Benchmarks
Last synced benchmark assets: 2026-05-14T15:39:50.351535+00:00
CPU: x86_64 with 2 logical cores
Platform: Linux-6.8.0-1044-azure-x86_64-with-glibc2.39
Python: 3.12.1, NumPy: 2.3.5, SciPy: 1.16.3, Optyx: 1.3.1
1 Benchmarks
Optyx includes a comprehensive benchmark suite measuring end-to-end performance including variable creation, problem setup, constraint construction, and solving. All benchmarks compare against raw SciPy (which has no build phase).

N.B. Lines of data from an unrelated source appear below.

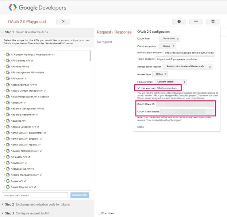 右上の ⚙️ 設定 で “Use your own OAuth credentials” をオンにして、先ほど作った Client ID / Client Secret を入力 → Close。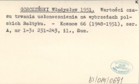 GORCZYŃSKI Władysław 1951 Wartości czasu trwania usłonecznienia na wybrzeżach polskich Bałtyku.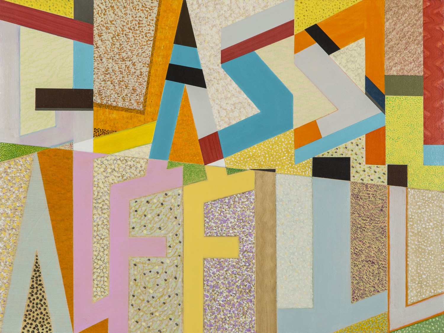 acrylic paint, spray paint, plywood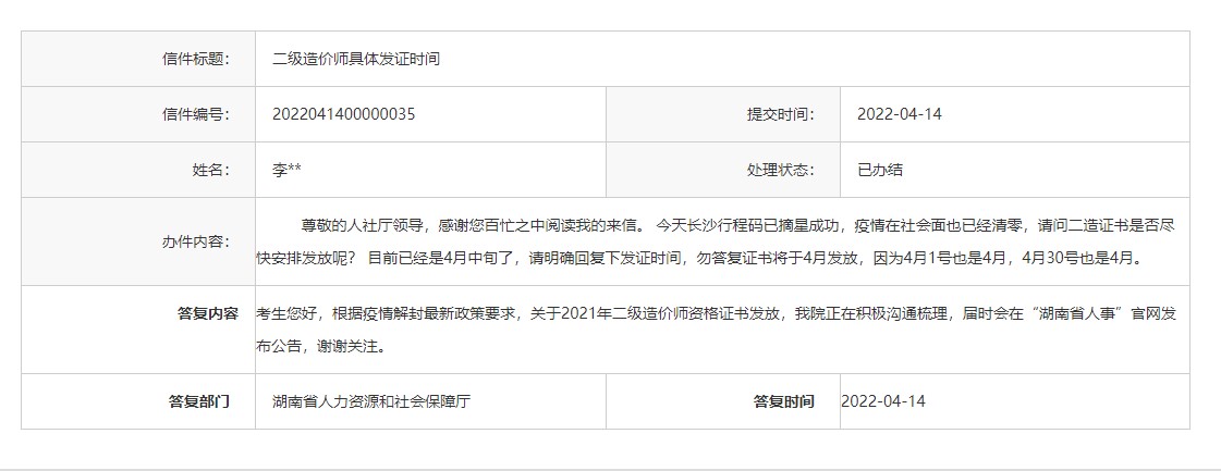 考生提問(wèn): 尊敬的人社廳領(lǐng)導(dǎo),感謝您百忙之中閱讀我的來(lái)信。 今天長(zhǎng)沙行程碼已摘星成功,疫情在社會(huì)面也已經(jīng)清零,請(qǐng)問(wèn)二造證書是否盡快安排發(fā)放呢? 目前已經(jīng)是4月中旬了,請(qǐng)明確回復(fù)下發(fā)證時(shí)間,勿答復(fù)證書將于4月發(fā)放,因?yàn)?月1號(hào)也是4月,4月30號(hào)也是4月。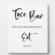 Panneau de bar Taco. Le design est basé sur la police de caractères des écritures en noir et blanc. Simple et moderne.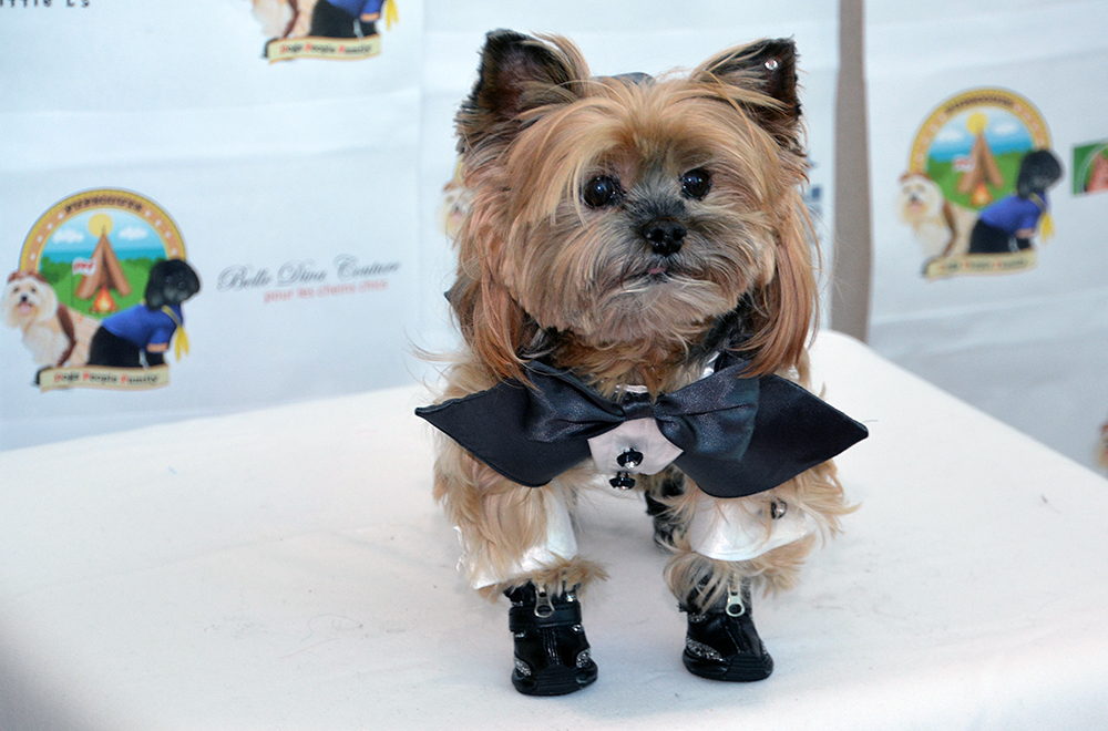Thankfully, us New Yorkers got a break from the frigid temps and enjoyed an almost spring-like (40 degrees) Sunday. It was a happy crowd that gathered at the PupScout 1st annual Pre-Oscar Red Carpet Pawty and Fashion Show held at Wyndham Garden in Chinatown. The lovely and talented Ada Nieves was the guest designer.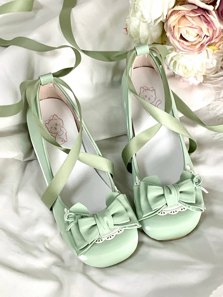 Sweet Green 3.5 cm Heeled Ballet Shoes for Lolita - Bow at Top & Wrap-Around Ankle Tie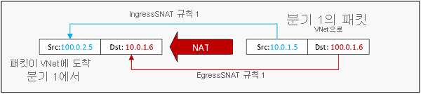 다음 다이어그램에서는 NAT 변환 전후에 분기 1에서 VNet으로 이동하는 IP 패킷을 보여 줍니다.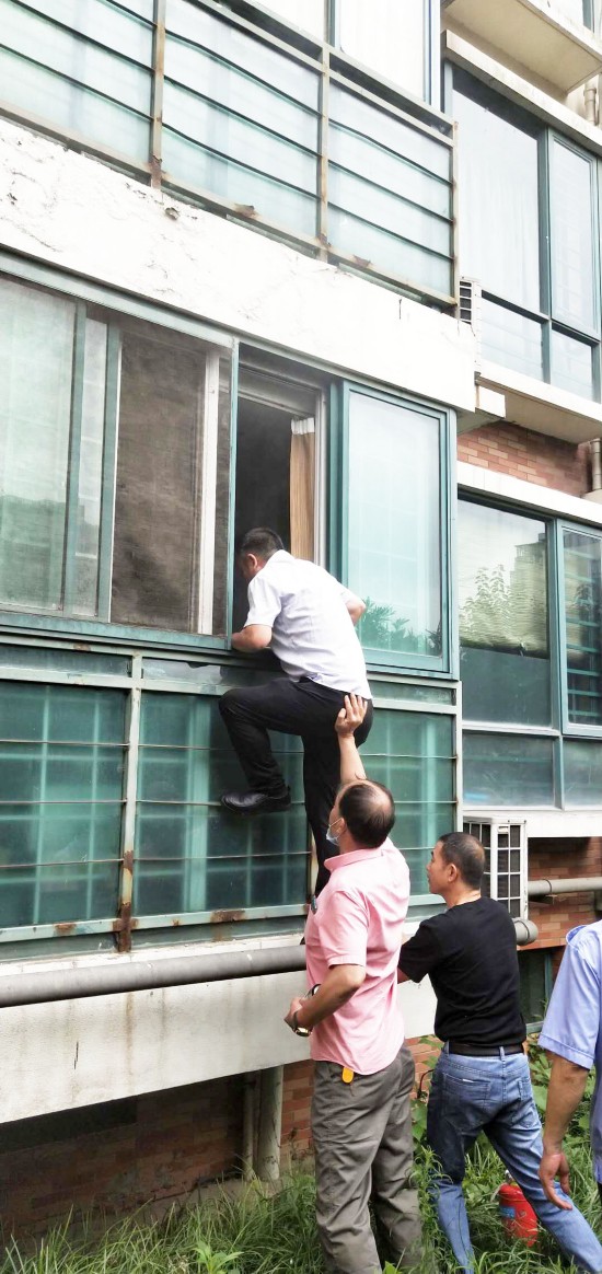 没多久,有业主跑到物业值班室:“1楼有户人家好像在冒黑烟,还不小呢……”值班的杨朝俊赶紧通知工程师傅断电,其他保安人员准备灭火器。

This page renders directly from synced artifacts in docs/assets/benchmarks/:
benchmark_results.jsonfor structured tables and summary valuesbenchmark_metadata.jsonfor machine and dependency metadatabenchmark_output.txtfor the raw console transcript.pngplots copied from the latest benchmark run
1.1 Quick Start
# Run all benchmark tests
uv run pytest benchmarks/ -v
# Generate performance analysis plots and sync docs assets automatically
uv run python benchmarks/run_benchmarks.pyAll benchmarks measure total time including:
- Variable creation
- Problem setup
- Constraint construction
- Cold solve (first solve, includes compilation)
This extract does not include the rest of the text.